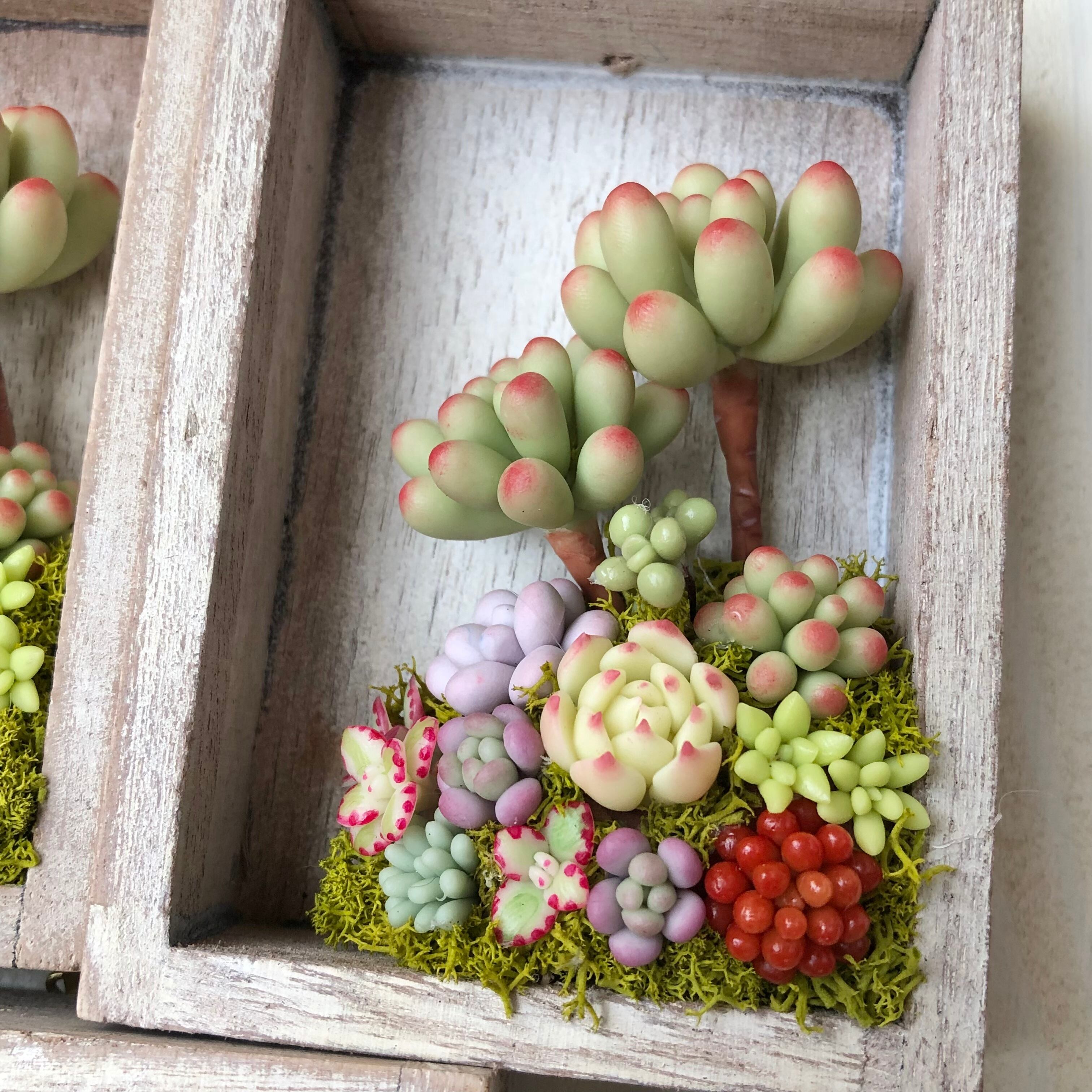 乙女さんのミニフレーム Clay succulents in a small frame
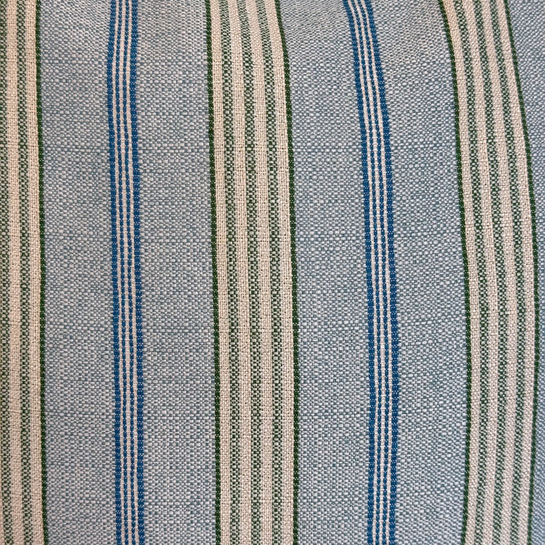 Extra-large zippered pouch with a top zipper closure and fabric handles. Made from jacquard fabric (80% cotton, 20% polyester) featuring a striped pattern in blue and green tones. Lined with sturdy gray fabric on the inside. For proper care, we recommend washing in cold water and not tumble drying.
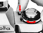 Around the ASA/DIN conversion scale is a convenient frame that can be used to keep memos handy with the camera. It is just the right size to hold the film-box end, which can be inserted as a reminder of the film in use.| Previous | Next | Exposure control and Metering
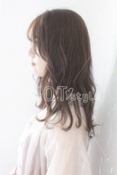 全体をローレイヤーベースでカット、バングを薄めに後れ毛を作る。8レベルのオリーブベージュでツヤ感をだす。
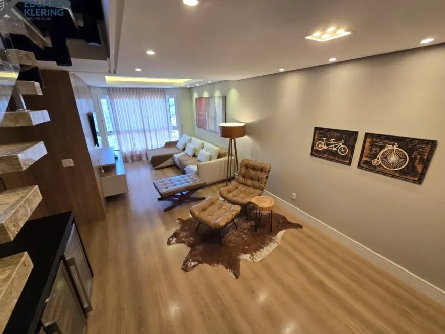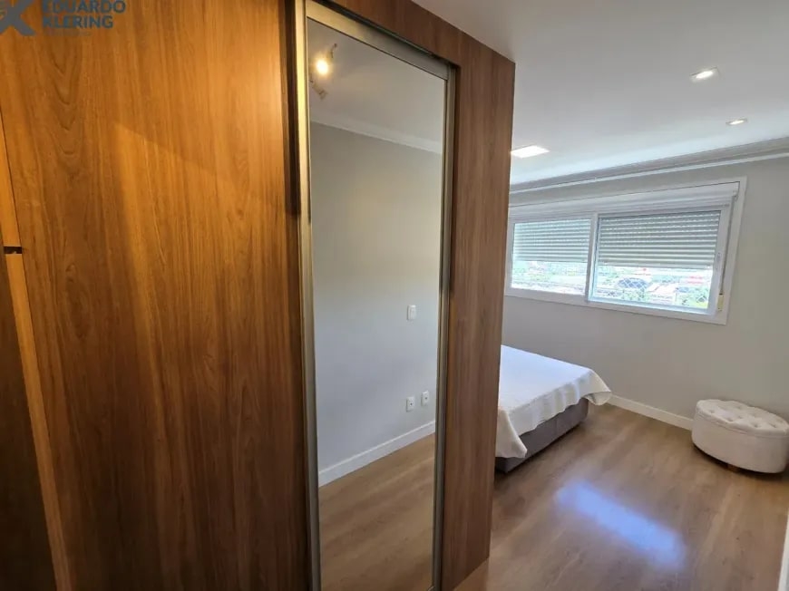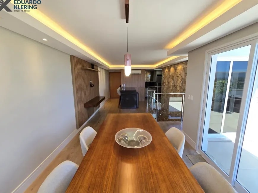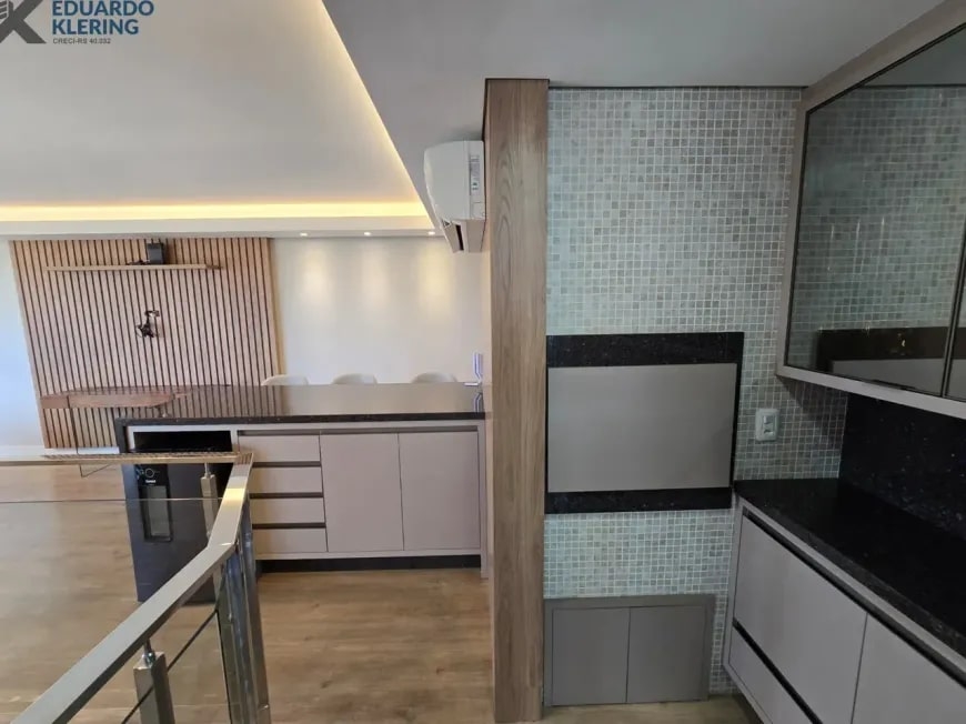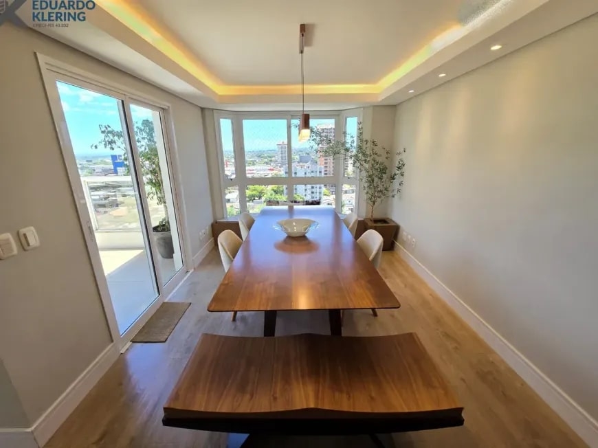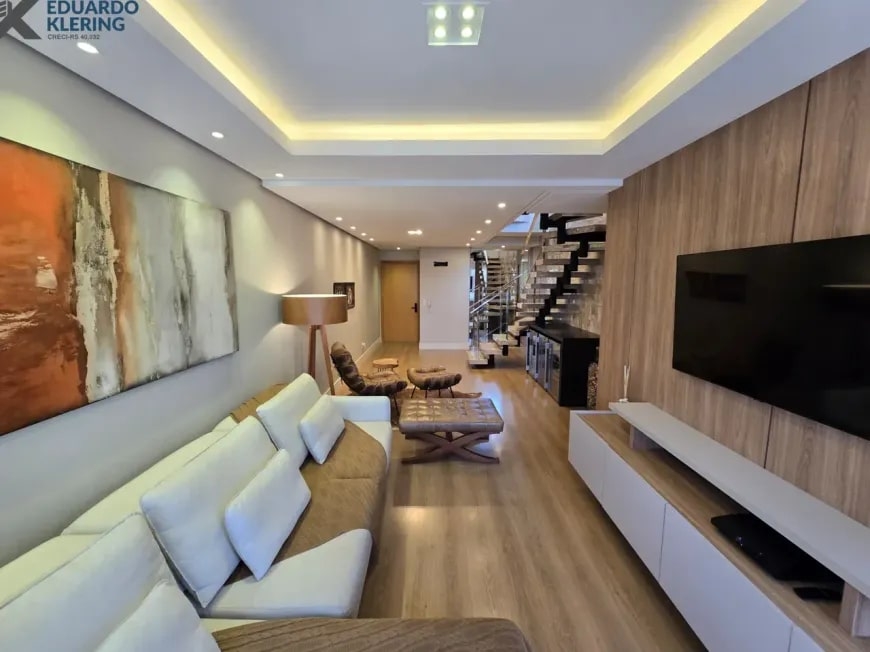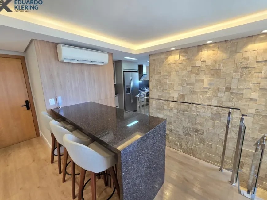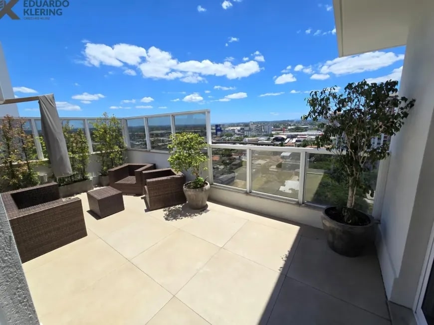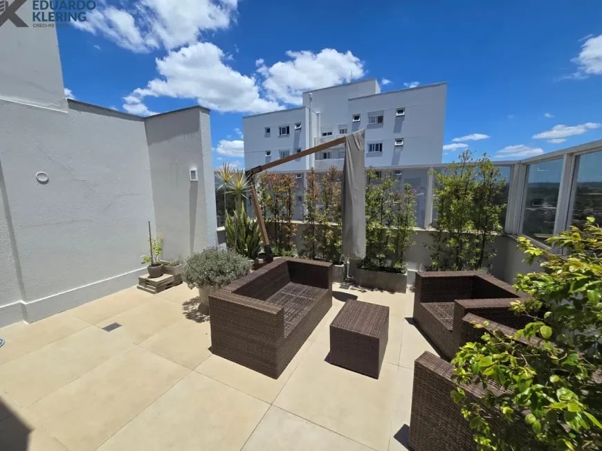 NOVIDADE! Excelente oportunidade de moradia nesta ampla, linda e confortável cobertura semimobiliada e equipada, pronta para morar, com 2 dormitórios (1 suíte com closet), 3 banheiros, 172,24m² privados, 218,30m² total, home office, sapateira, orientação solar privilegiada (norte/oeste), linda vista arborizada com pôr do sol maravilhoso, gostosa ventilação cruzada, 2 vagas de garagem, amplo estar íntimo no penúltimo andar, com escada em granito e corrimãos de inox, área social e gourmet com churrasqueira no último andar, terraço com espaço aberto e “espera” para jacuzzi, cozinha e área de serviço independentes, pisos porcelanato, laminado e vinílico, materiais e revestimentos de primeira qualidade, portas em madeira nobre, janelas em alumínio com ótimo conforto térmico e acústico, gesso decorado com sanca, medidores individuais, gás central, água quente, ambientes climatizados e com ótima iluminação natural, acabamento premium. Imóvel quitado, escriturado e regularizado, aceita financiamento. Esta é a oportunidade perfeita para você que deseja o espaço e a privacidade de morar em casa, mas com a segurança e a praticidade de morar em condomínio. Um imóvel extremamente silencioso e bem arejado, onde você pode tomar um chimarrão e curtir um pôr do sol incrível no final de tarde, contemplar uma linda vista num dos pontos mais altos da cidade, além de fazer um churrasquinho gostoso em família! Aqui, você vai compartilhar bons momentos com a sua família, com muita qualidade de vida!

WHAT IS EXPECTED: Among the entries above, take the lines from the one with "Extra-large zippered pouch" through the one with "全体をローレイヤーベースでカ" and retype them exactly, leaving out the pictures.

FINAL ANSWER:
 Extra-large zippered pouch with a top zipper closure and fabric handles. Made from jacquard fabric (80% cotton, 20% polyester) featuring a striped pattern in blue and green tones. Lined with sturdy gray fabric on the inside. For proper care, we recommend washing in cold water and not tumble drying.
 Around the ASA/DIN conversion scale is a convenient frame that can be used to keep memos handy with the camera. It is just the right size to hold the film-box end, which can be inserted as a reminder of the film in use.| Previous | Next | Exposure control and Metering
 全体をローレイヤーベースでカット、バングを薄めに後れ毛を作る。8レベルのオリーブベージュでツヤ感をだす。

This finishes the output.